Methods: Cross-sectional hospital-based study included thirty-two adult Sudanese patients diagnosed with SCA and twenty-three controls. Written informed consent was obtained. Blood and urine samples were collected. Severity score was calculated using Bios online calculator and eGFR was calculated using Chronic Kidney Disease Epidemiology Collaboration (CKD-EPI) formula without adjustment for ethnicity.

Results: Protein/Creatinine Ratio (PCR) was significantly higher (p-value < 0.001) in sickle cell anaemia group compared to controls. Hyper-filtration and Hyperuricemia were manifested in 75% and 6.3% of SCA group respectively. There was no association between the severity score and renal manifestations in the SCA group.

Conclusions: Hyper-filtration and proteinuria were the most prevalent renal manifestations in SCA group. Further studies are recommended to determine the predictors of renal complications and early management of them.

Urology & Nephrology

Sickle cell anemia

glomerular hyper-filtration

proteinuria

hyper-uricemia

Sickle cell anemia (SCA) is an autosomal recessive disease resulting from substitution of amino acid glutamate by valine in position 6 of beta-globin chain(1). Sickle Cell Disease is the most inherited blood disorder worldwide(2). In USA approximately one in every thirteen African American have sickle cell trait and in some African regions the prevalence of SCA may reach up to 30%(3). In Sudan, SCA is one of the most prevalent genetic diseases mainly in Western Sudan; in some tribes prevalence may reach 30% due to high consanguinity rates (4). Sickle cell anemia is a severely morbid condition with high mortality rates even in developed countries where the average survival age is 40 to 50 years(5). In Africa an accurate data is inadequate, but the median survival is far lower and most of the children die before completing their first decade(5).

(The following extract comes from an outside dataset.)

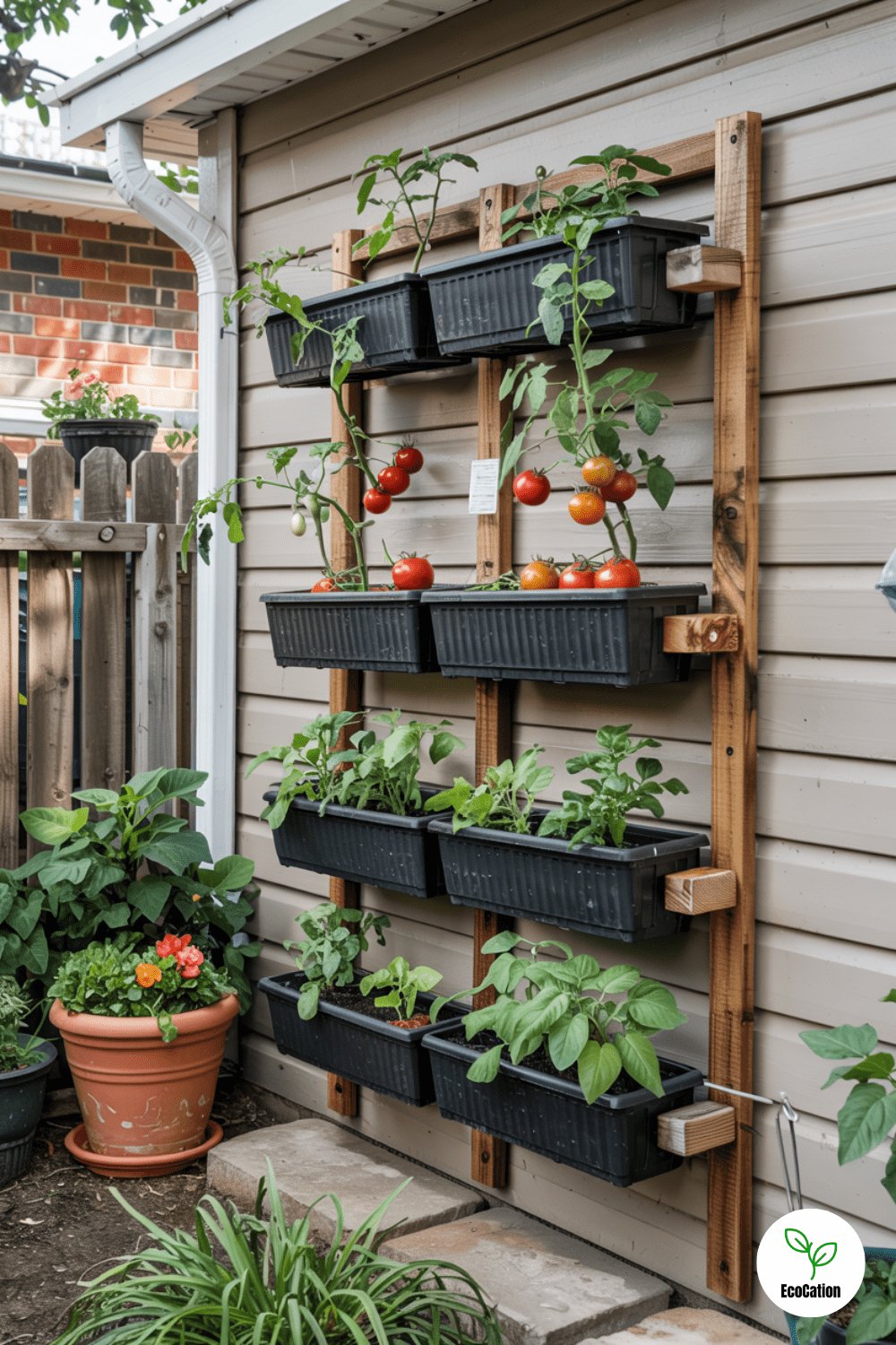 Stacked planter rails are ideal for narrow outdoor walls growing tomatoes and greens in tidy rows. Choose dwarf or patio tomato varieties and add trailing spinach below. It s an efficient use of space and great for regular harvesting.

Sickling of the RBCs, hemolysis, increase viscosity, vaso-occlusion, hypoxia, and ischemia-reperfusion injury are the hallmarks of the SCD(6). Survival age increases in patients with SCA due to advances in management leading to widespread tissue necrosis and end organ damage (5). Renal impairment predominates organs’ failure and it was documented among 40% of SCA patients who died(5). Previous study revealed that the median age of diagnosis of renal failure in SCD patients is 23.1 years and median survival after diagnosis of End Stage Renal Disease (ESRD) in SCD was only 4 years despite hemodialysis(7).

This study aimed to measure proteinuria, uric acid level, and estimated GFR as markers of renal function in steady state SCA adult patients, and to identify the associations between these parameters and the clinical severity score of SCA. Steady state refers to a point of time where SCA patient does not experience acute infection, crisis or needs hospital admission or blood transfusion in the previous three months preceding data collection(8). Studying renal parameters in SCA enables early detection and management of renal complications to decrease morbidity, mortality and improve quality of life (QOL). Best to our knowledge this first study investigated renal parameters and their association with the severity score among sickle cell anemia patients.

This study is a cross sectional hospital-based study held in Omdurman Military Hospital, which is the one of the biggest tertiary hospitals in the Sudan. A total sample of 32 SCA adult patients (13 males, 19 females) in a steady state, who attended the hematology referred clinic in the hospital from October to December 2017. Control group (11 males, 12 females) were healthy students recruited from Faculty of Medicine, Al Neelain University. Diabetics, Chronic Kidney Disease (CKD) patients due to other causes, patients with acute illness and pregnant women were excluded.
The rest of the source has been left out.